Other portions of the insurgency may be easier to sway: these are the so-called former Ba'athists and Sunni disenfranchised who work with "secular" insurgent groups and even Islamist groups -- not because of ideology, but rather for profit. Alleged terrorists in Iraqi custody have said they were paid between $100 and $1,500 by insurgent groups to carry out attacks. Many said that although they believed the attacks were immoral or against Islamic doctrine, they carried them out anyway, citing pressure from the groups they worked for and because of the money.
As Iraq develops stronger law enforcement, it will be better able to rein in the criminal elements of the insurgency. Former Iraqi leader Saddam Hussein released thousands of prisoners in an October 2002 general amnesty; these elements are assumed to be responsible for a large percentage of criminal attacks, kidnappings, and violence in Iraq today. Several alleged terrorists said in confessions aired on Al-Iraqiyah television in May that they carried out car-jackings, kidnappings, theft, and murder on behalf of insurgent groups, including Islamist groups.

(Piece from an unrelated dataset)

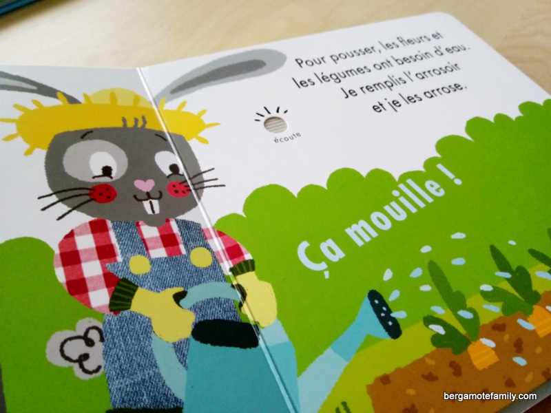 Dans la collection « comme un grand » de Fleurus, il y a « je jardine » ! C’est un livre sonore où l’enfant va appuyer à chaque page sur un capteur afin d’enclencher un son en rapport avec l’image. L’enfant suit le personnage, un lapin, qui va bêcher, ratisser, planter, arroser fleurs et carottes, mais également tondre le gazon, tailler les arbres et les rosiers, ramasser les feuilles… A chaque page, il y a du nouveau vocabulaire à découvrir : bottes, binette, sécateur, arrosoir…. et un son à écouter.

The most difficult task in persuading insurgents to lay down their arms may be the "public opinion" factor. A recent survey in Iraq sponsored by the U.S.-led coalition found that nearly 45 percent of those polled said they supported insurgent attacks. While it is likely that the number of true supporters is much lower, the survey demonstrates that Iraqis, for whatever reason, may feel it is socially unacceptable to say otherwise. This could indicate that the "man on the street" cannot be won over until the Sunni leadership says, and demonstrates, that it is acceptable to do so. Other analysts have argued that the tide may only turn when Sunni Iraqis turn against the insurgency. The true answer may be somewhere in the middle.
The Sunni leadership, however, remains quite fractured with no cohesive stance on the issue of participation. While several Sunni groups agree that they want to play a role in the government and constitutional drafting, the conditions or "red lines" of each group are different. In addition, a number of Sunni political groups are internally fractured, a factor that will limit progress, at least in the short-term.
Sunni leaders with suspected ties to the insurgency, however, will remain outside the political process and not negotiate, leaving the government in need of an alternative Sunni representation. In some cases, tribal leaders could play a key role in bringing Sunnis into the government and reining in the insurgency. Local governance may just make the difference in the center.
Two armed groups announced last week their willingness to disarm and begin negotiations with the government for their participation in the political process, the daily "Baghdad" reported on 9 June. Citing former Electricity Minister and Sunni leader Ayham al-Samarra'i, the report said that political leaders from the Islamic Army in Iraq and the Al-Mujahedin Army expressed in meetings with him their readiness to disarm. Sunni sheikhs and tribal leaders in Al-Fallujah vowed to assist the government in enhancing security in a meeting with Interior Ministry officials in the city, "Al-Mada" reported on 13 June. Tribal leaders in Mosul have also agreed to hand over wanted suspects to security officials, the Defense Ministry announced in on 13 June.
Transitional Prime Minister Ibrahim al-Ja'fari has shied away from the amnesty issue in his statements to reporters this week, saying that no dialogue is under way between the government and armed groups in Iraq. Instead, al-Ja'fari said multinational forces have undertaken a dialogue, through which the insurgents' have conveyed messages to the transitional government. "No official dialogue with any side that carries guns and fights has taken place," he said, adding: "The remaining issue is that of the mediator as it is not always true that you are the one who chooses the mediator. The other [side] might be sending you messages through the coalition or multinational forces, which means that it was not you who chose the mediator."
Meanwhile, U.S. Defense Secretary Donald Rumsfeld did not acknowledge U.S. involvement in the proposed amnesty, telling reporters at a 14 June press briefing: "To the extent you can get a tribe that has a portion of its people opposing the government and a portion of the people supporting the government pulled in [to the political process], why, that's a good thing." Rumsfeld said any amnesty decision would be solely for the sovereign Iraqi government to take, "not an American decision."